Flink源码解读(一):StreamGraph源码解读_flink streamgraph 源码解读

flink streamgraph 源码解读

目录

Flink流图基本概念

StreamGraph源码

StreamGraph的核心对象

StreamNode

StreamEdge

StreamNode和StreamEdge之间的关系

上传jar包

生成StreamGraph

生成StreamNode

生成Edge

核心方法

参考


Flink流图基本概念

这里简单介绍一下Flink流图的一些基本概念和过程,详情可以看Flink基础概念。根据不同图的生成顺序,主要是分为4层:StreamGraph-->JobGraph-->ExecutionGraph-->物理执行图。具体步骤如下:

  1. Client将作业的应用程序代码生成StreamGraph(在批处理模式下生成的是OptimizedPlan)。StreamGraph是表示流处理程序拓扑的数据结构,描述算子与算子之间逻辑上的拓扑关系,封装了生成作业图(JobGraph)的必要信息。
  2. 将StreamGraph转换为JobGraph。JobGraph表示JobManager可接受的低级别Flink数据流程序。所有来自更高级别API的程序都被转换成JobGraph。

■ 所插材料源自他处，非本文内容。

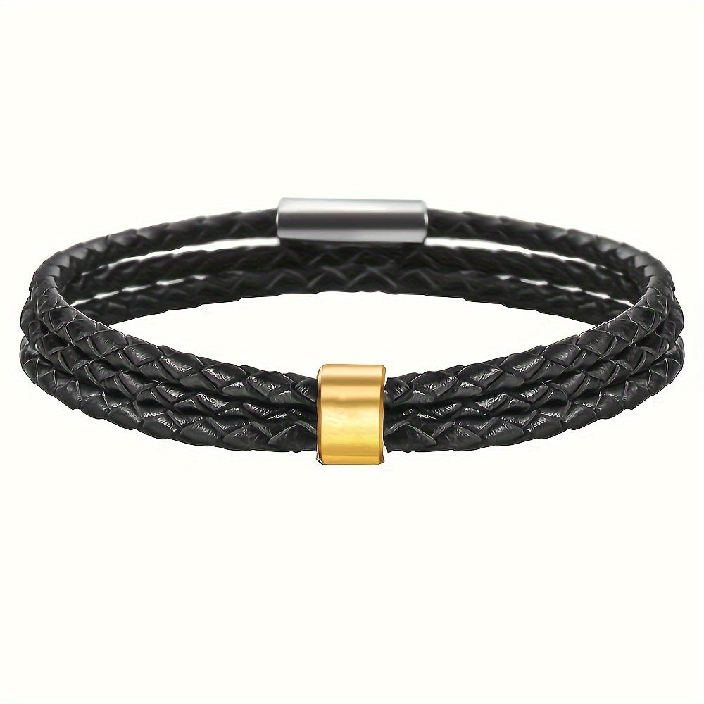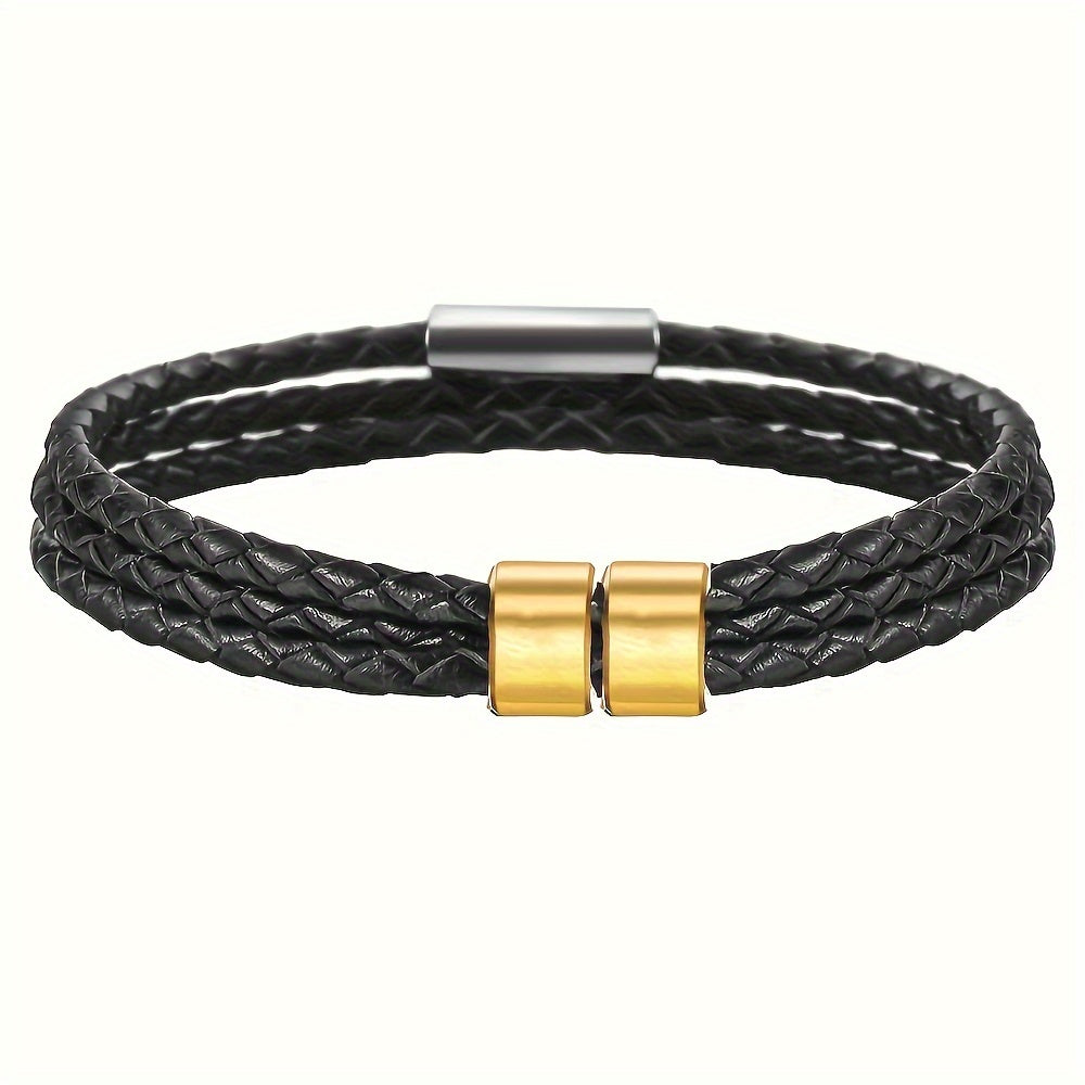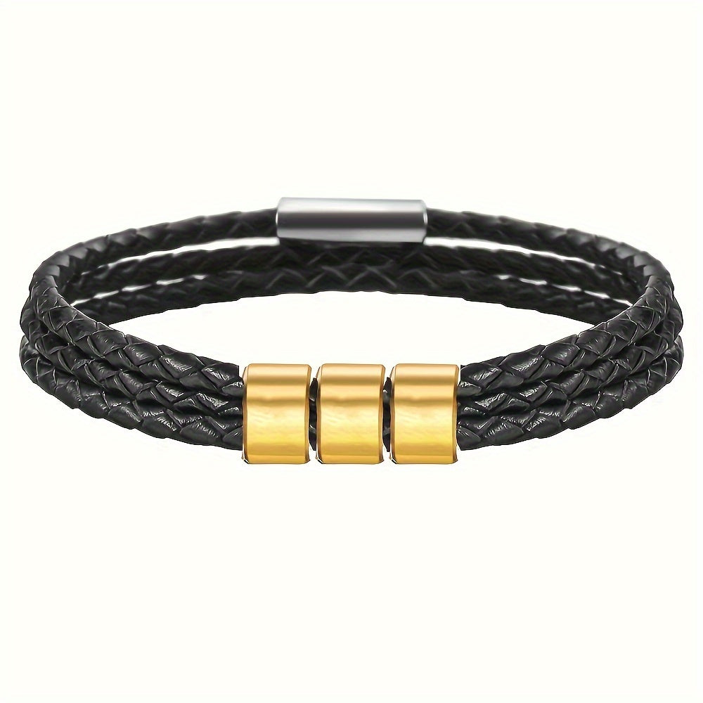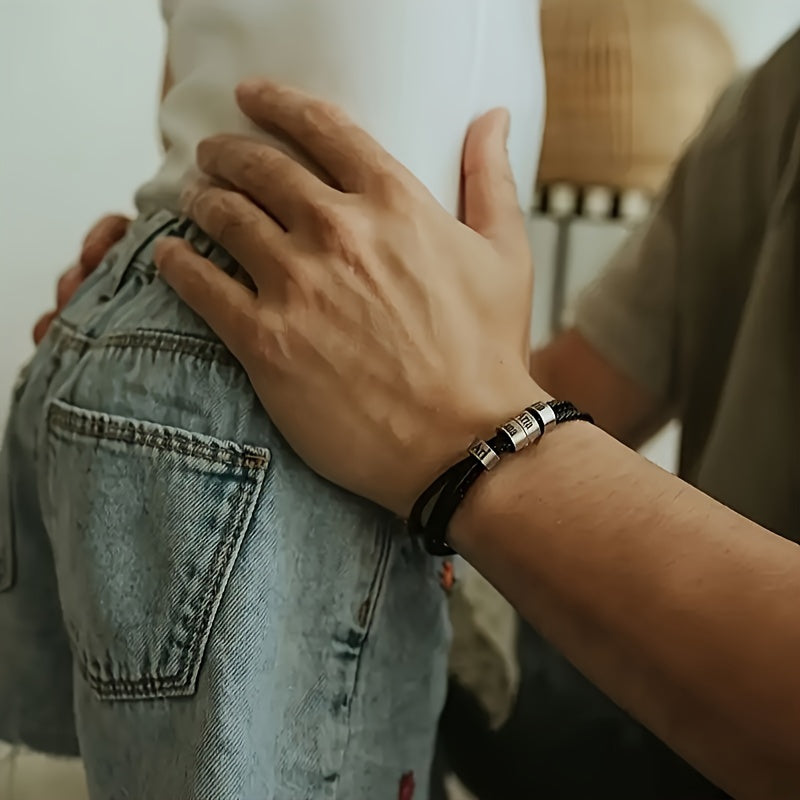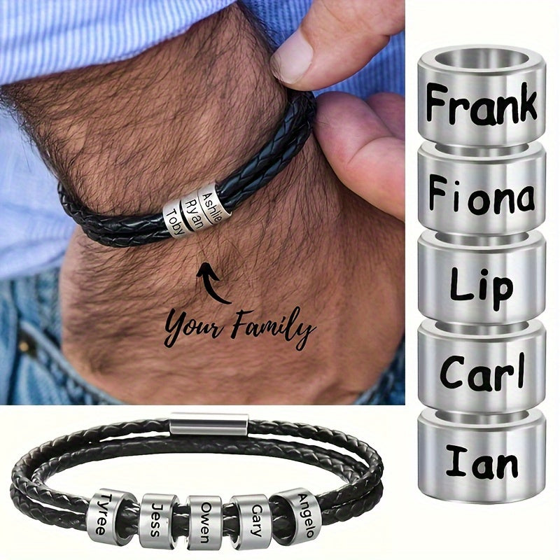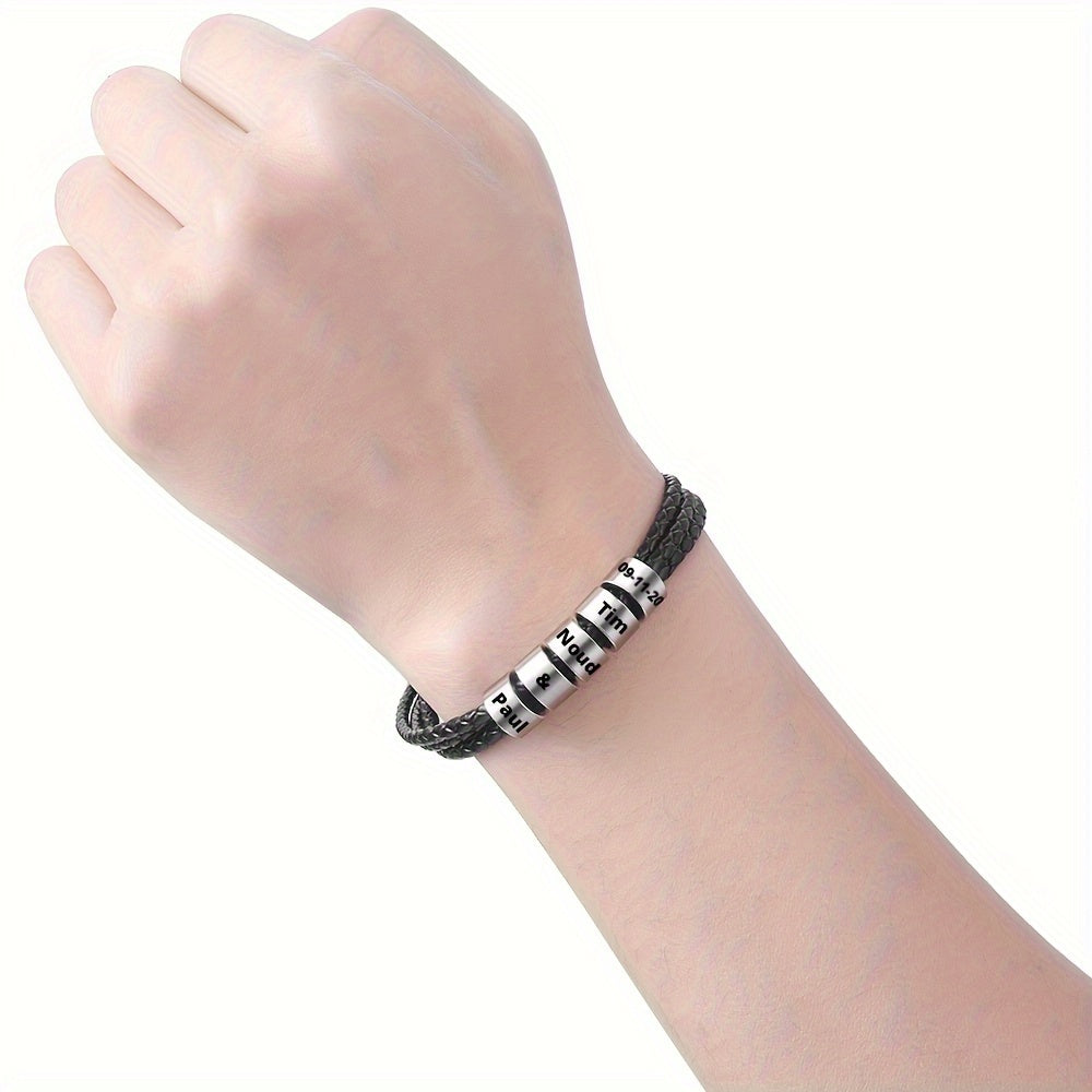 This stylish bracelet can be laser-engraved with your family members' names. Made with faux leather and stainless steel, the round accessory is available in golden, silvery tones.

JobGraph是一个顶点和中间结果的图,这些顶点和中间结果连接在一起形成一个DAG。JobGraph定义了作业范围的配置信息,而每个顶点和中间结果定义了具体操作和中间数据的特征
  3. 将JobGraph提交给Dispatcher。Dispatcher组件负责接收作业提交、在故障时恢复作业、监控Flink会话集群的状态等
  4. Dispatcher根据JobGraph创建相应的JobManager并运行。
  5. JobManager将JobGraph转换为ExecutionGraph。ExecutionGraph是协调数据流的分布式执行的中心数据结构,它保留了每个并行任务、每个中间流以及它们之间的通信信息
  6. JobManager将ExecutionGraph转换为物理执行图。

StreamGraph源码

 StreamGraph作为Flink最上层的逻辑封装可以理解为用户API的转化的逻辑层,主要是把用户编写的Transformation转换成StreamNode并生成指向上下游的StreamEdge并装载进StreamGraph。接下来主要以Yarn模式为例子。

StreamGraph的核心对象

StreamNode和StreamEdge是StreamGraph的核心数据结构对象。

StreamNode

StreamNode是StreamGraph中的节点,也就是流程序中的算子。一个StreamNode表示一个算子,即便是Source和Sink也是以StreamNode表示,只不过因为是表示输入输出所以有特定称呼。StreamNode封装了算子的其他关键属性,比如其并行度、分区信息、输入和输出类型的序列化器等。

StreamNode分为实体和虚拟两种。因为StreamNode是转换而来的,但并非所有转换操作都具有实际的物理意义(即物理上对应具体的算子),比如分区(Partition)、分割/选择(Select)和合并(Union)不会在StreamGraph中创建实际的节点,而是创建虚拟节点,该节点包含特定的属性。虚拟StreamNode节点的信息不会在StreamGraph中显示,而是存储到了对应的转换边(StreamEdge)上

StreamEdge

StreamEdge用于连接两个StreamNode,一个StreamNode可以有多个入边、出边。StreamEdge中存储了分区器、旁路输出等信息。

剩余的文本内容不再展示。